But without the bad and the ugly, the picture is distorted and the political odyssey incomplete. If he had not been a hardball player, he would never have entered the presidential primary after Eugene McCarthy had cleared the way. Without his ruthless, hard-nosed side, Bobby might not have been able to put together the coalition he did. Conservative working-class whites may have been willing to help the needy, but fearful of being taken advantage of, they wanted a tough guy in charge. The impetuous young Bobby helped make the grownup Bobby more compassionate.
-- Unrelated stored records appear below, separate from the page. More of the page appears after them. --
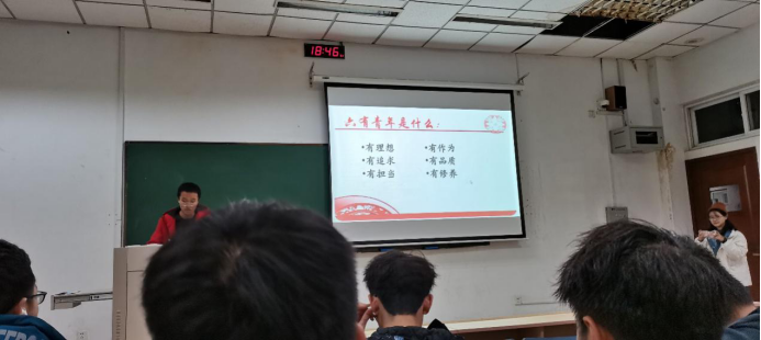 最后,團支書向大家提出倡議,從身邊小事做起,爭做“有理想、有追求、有擔當、有作為、有品質(zhì)、有修養(yǎng)”的四有青年,一起為中華民族的偉大復興添磚加瓦。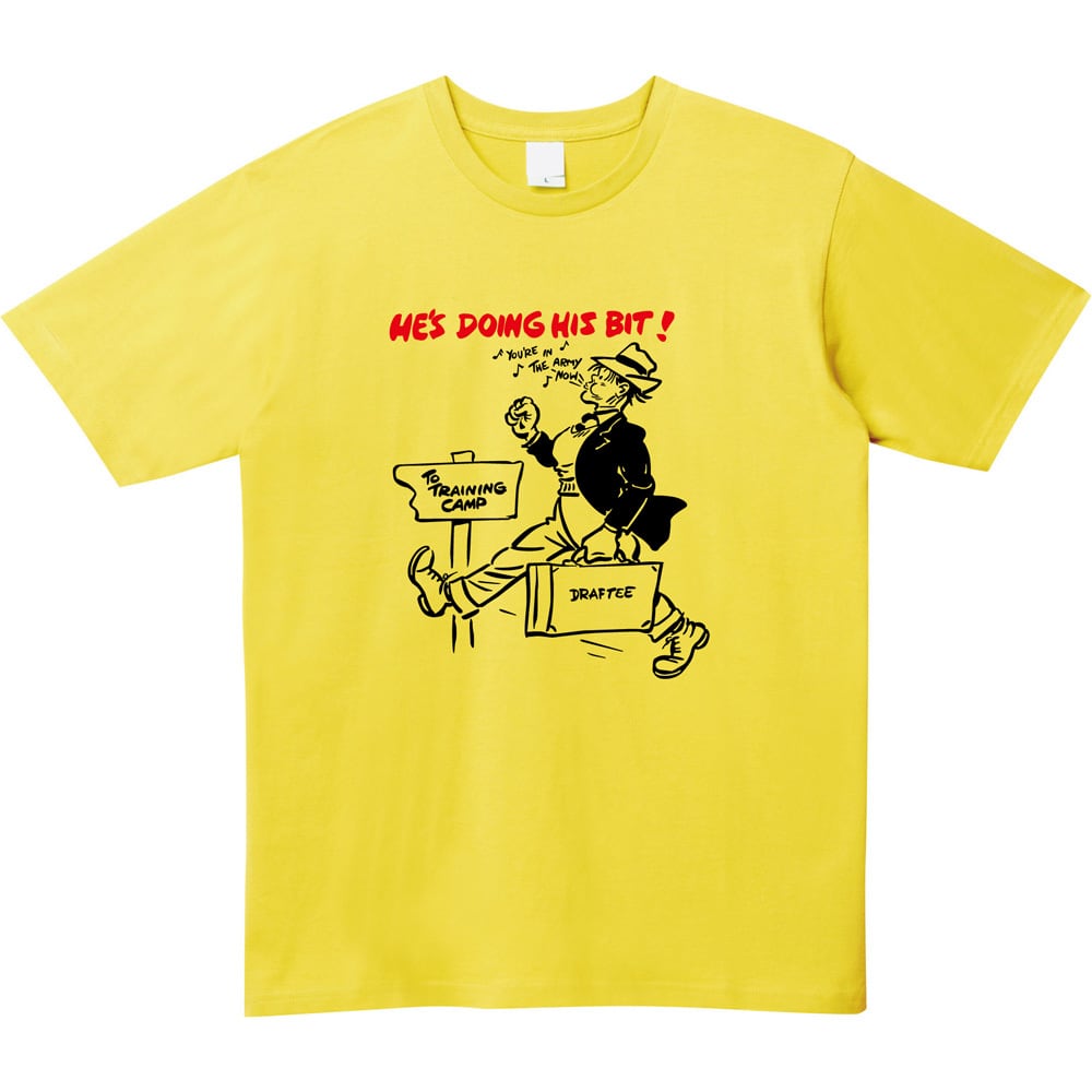 このTシャツは、第二次世界大戦中のアメリカの徴兵(Draft)制度を風刺的・肯定的に描いた、ヴィンテージコミック調のイラストをフィーチャーしています。
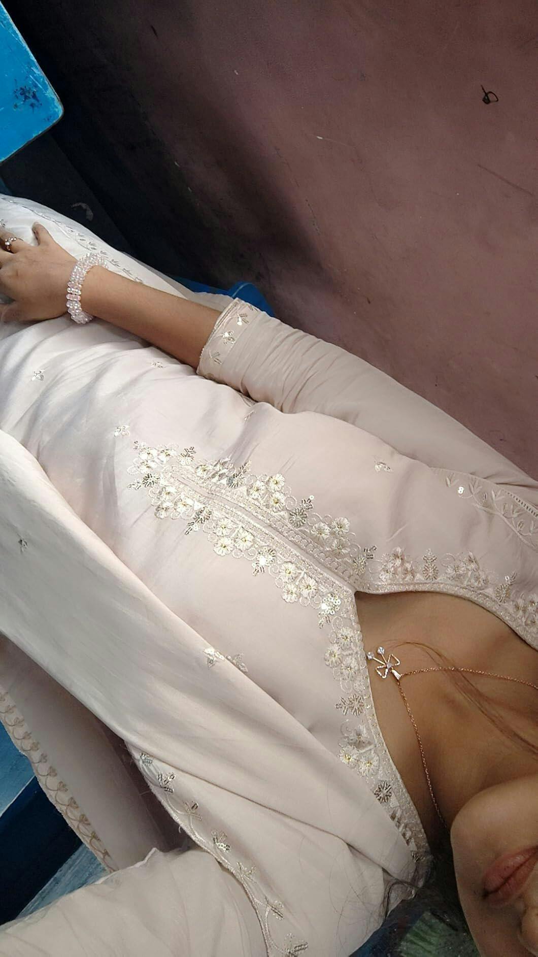 Kurta Fabric : Pure Chinon Silk Fabric With Beautiful Embroidery Sequence,jari Work On Yoke,sleeves,bottom Work
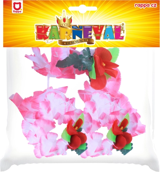 Dieses rosa Set im Hawaii-Stil ist ideal für Mottopartys, Karnevale und sommerliche Feiern. Stoffblüten in Rosatönen mit roten und grünen Akzenten wirken frisch und fotogen – so kommen Sie auf jedem Foto zur Geltung.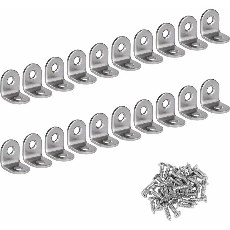 Rinforzo di una porta dell'armadio per scope, giunture di superfici piane, cuciture e crepe. Aiuta a rafforzare il telaio del letto, la scatola, costruisci o ripara i mobili installati. Alta qualità: la staffa è realizzata in acciaio inossidabile di alta qualità, robusto, resistente, resistente, impermeabile e antiruggine. Finitura in acciaio inossidabile lucidato a mano, aspetto moderno e nessuna preoccupazione per graffi quotidiani, corrosione e ossidazione. Grande quantità: set di 20 distanziali angolari + 40 viti, dimensioni 20x20x16 mm. Diametro del foro di montaggio: 5 mm / 0,2 Numero di fori: 2 fori, ideale per una vasta gamma di applicazioni. Facile da installare: i fori delle viti sono svasati in modo che le viti siano a filo con la superficie delle staffe Super conveniente per i comuni lavori fai-da-te in casa. Rinforzo angolare a L in acciaio per rinforzare le giunzioni angolari destre. Cosa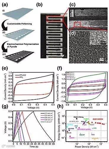 首先,他们使用可重复利用的商品化定制的导电玻璃模板,通过电化学沉积的方法制作基于聚吡咯纳米线的微型超级电容器,极大地简化了制作微型超级电容器的流程,并降低了制作成本。与此同时,聚吡咯自身优良的导电性和储能性能确保了微型超级电容器优异的储能能力(图1)。基于此设计的微型超级电容器成本可低至每平方厘米不到1元。同时,该微型超级电容器能量密度可以达到15.25 mWh/cm2。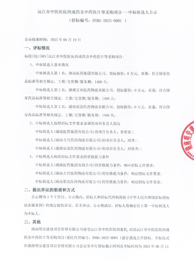 【益阳市沅江市中医医院】湖南省益阳市沅江市中医医院西成药及中药饮片等采购项目---中标候选人公示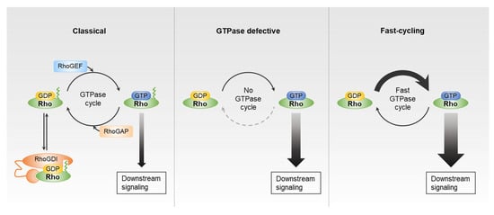 For most Rho GTPases, including the Rho, Rac, and Cdc42 subfamilies, GDP/GTP cycling is regulated by RhoGEFs and RhoGAPs. However, there are atypical Rho family members that are activated via another mechanism. For example, the Rnd (Rnd1–3) and RhoBTB (RhoBTB1–3) subfamilies have amino acid substitutions in their GTPase domain that are not recognized by RhoGAPs, and thus, their GTP hydrolysis rate cannot be accelerated by these proteins. These subfamily members are thus constitutively active and GTP-bound, although they have intact GDP/GTP nucleotide exchange activity [14,15]. Similarly, RhoH has defective GTPase activity and is unable to hydrolyze GTP, and therefore is presumed to be constitutively active [16]. The RhoU/RhoV and RhoD/RhoF subfamilies represent another type of atypical Rho GTPases. These family members have high intrinsic guanine nucleotide exchange activity, and are assumed to be mostly GTP-bound in cells [17,18]. Because these atypical Rho GTPases also have GTPase activity and can cycle between GDP-bound and GTP-bound forms, they are considered to be the fast-cycling Rho GTPases [6,19,20].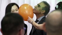 When it's time to use my party popper, all I have to do is pull the string attached to the balloon and the air inside the balloon will shoot out the top, causing the confetti, streamers, and toys to fly out of the bottle and into the air.

As a Senator and candidate, Bobby revived for millions the hopes that died with his brother. Even among skeptics, there was a sense that Kennedy grew into his own after his brother died. History -- two assassinations, a war, a racial struggle -- changed him, says Schlesinger, and given time he might have changed history.
The shooting of Martin Luther King, 19 days after Bobby plunged into the 1968 campaign, accelerated his transformation. The war, Kennedy's ostensible reason for getting into the race, gave way to a near desperate plea for an end to racial hatred and intractable poverty. In speeches scribbled on note pads in the days after King's death, Kennedy made some of his most eloquent appeals. "For there is another kind of violence, slower but just as deadly," he declared. "The violence that afflicts the poor, that poisons relations between men because their skin has different colors."
The compassion he preached was not part of a cold political calculus designed to forge a winning electoral coalition. Though much of what Bobby did was carefully planned, his pleas for racial harmony and social justice -- delivered to conservative whites in Terre Haute, Ind., as well as to blacks in Gary -- seemed to reflect deep and true personal feelings. He was a latecomer to civil rights when he saw it as a threat to his brother's political standing, but he was passionate in the cause of social justice after being exposed to the sight of young blacks falling outside a system that seemed to hold no promise for them.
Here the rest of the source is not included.